• **TASK TO CARRY OUT**
Give back exactly the lines from the "Winter jasmine can" line to the final line of the records, and only those, minus any pictures.

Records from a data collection

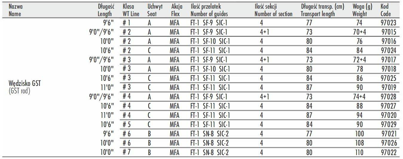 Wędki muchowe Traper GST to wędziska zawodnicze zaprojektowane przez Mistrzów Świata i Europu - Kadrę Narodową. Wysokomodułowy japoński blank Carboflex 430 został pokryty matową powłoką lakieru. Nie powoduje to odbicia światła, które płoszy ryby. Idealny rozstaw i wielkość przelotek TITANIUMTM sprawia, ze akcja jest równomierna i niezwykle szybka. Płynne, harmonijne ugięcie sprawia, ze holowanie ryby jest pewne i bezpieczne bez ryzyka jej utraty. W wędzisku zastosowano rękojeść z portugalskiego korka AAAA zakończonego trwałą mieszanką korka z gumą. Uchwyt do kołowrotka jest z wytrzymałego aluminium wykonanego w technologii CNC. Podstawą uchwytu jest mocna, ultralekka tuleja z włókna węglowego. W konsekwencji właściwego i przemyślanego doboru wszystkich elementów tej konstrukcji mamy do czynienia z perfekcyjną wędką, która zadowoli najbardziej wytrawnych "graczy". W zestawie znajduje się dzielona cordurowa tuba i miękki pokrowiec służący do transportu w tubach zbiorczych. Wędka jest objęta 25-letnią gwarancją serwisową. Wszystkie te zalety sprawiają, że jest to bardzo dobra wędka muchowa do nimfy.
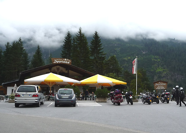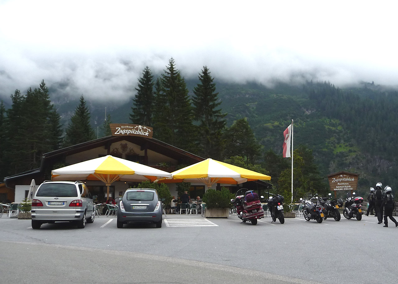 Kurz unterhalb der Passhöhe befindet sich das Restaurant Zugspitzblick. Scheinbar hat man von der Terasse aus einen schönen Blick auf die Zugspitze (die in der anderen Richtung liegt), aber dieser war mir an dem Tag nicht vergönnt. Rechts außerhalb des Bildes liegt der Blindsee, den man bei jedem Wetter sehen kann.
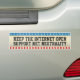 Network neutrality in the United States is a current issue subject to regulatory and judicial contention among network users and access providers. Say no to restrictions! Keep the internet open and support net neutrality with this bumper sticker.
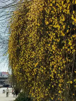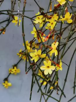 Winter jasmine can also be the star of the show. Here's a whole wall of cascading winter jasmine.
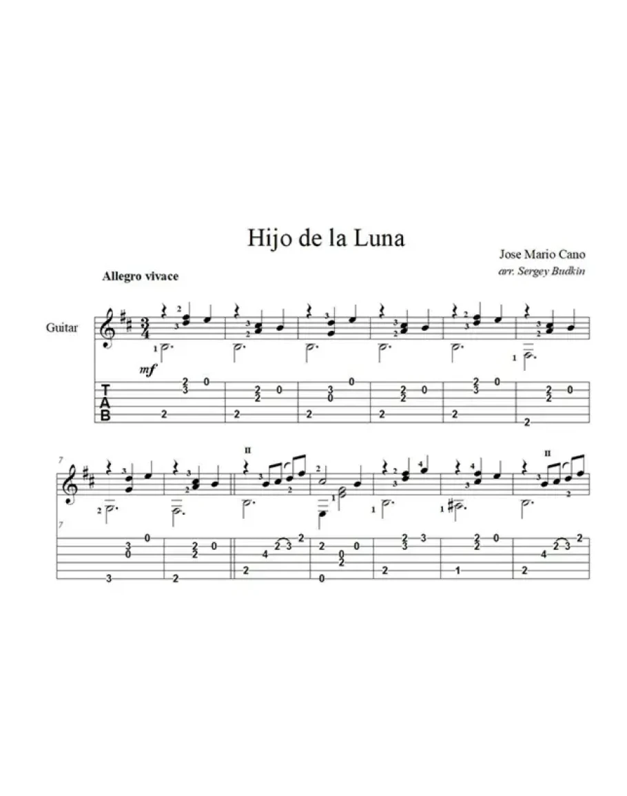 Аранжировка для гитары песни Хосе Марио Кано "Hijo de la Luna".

• **TASK OUTPUT**
 Winter jasmine can also be the star of the show. Here's a whole wall of cascading winter jasmine.
 Аранжировка для гитары песни Хосе Марио Кано "Hijo de la Luna".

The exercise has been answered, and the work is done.